● **Your assignment**:
Starting at the line with "12月29日BNB走势及成交量,来源币界网" and going on through the line with "Ответ на задание", reproduce each line in the records below exactly and nothing more.

● **Exercise material**:
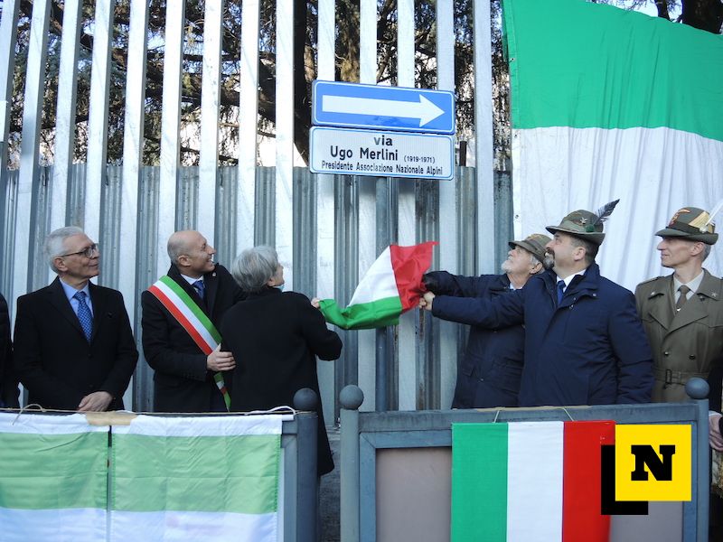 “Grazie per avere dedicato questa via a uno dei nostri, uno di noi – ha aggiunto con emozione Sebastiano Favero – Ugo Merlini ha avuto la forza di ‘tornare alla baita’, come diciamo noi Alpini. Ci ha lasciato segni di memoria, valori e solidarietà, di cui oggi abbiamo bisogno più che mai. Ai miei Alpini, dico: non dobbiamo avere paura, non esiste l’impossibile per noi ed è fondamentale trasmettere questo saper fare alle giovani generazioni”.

==

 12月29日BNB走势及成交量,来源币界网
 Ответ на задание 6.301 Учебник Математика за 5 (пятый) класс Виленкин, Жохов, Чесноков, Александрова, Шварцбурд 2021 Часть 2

● **Exercise response**:
 12月29日BNB走势及成交量,来源币界网
 Ответ на задание 6.301 Учебник Математика за 5 (пятый) класс Виленкин, Жохов, Чесноков, Александрова, Шварцбурд 2021 Часть 2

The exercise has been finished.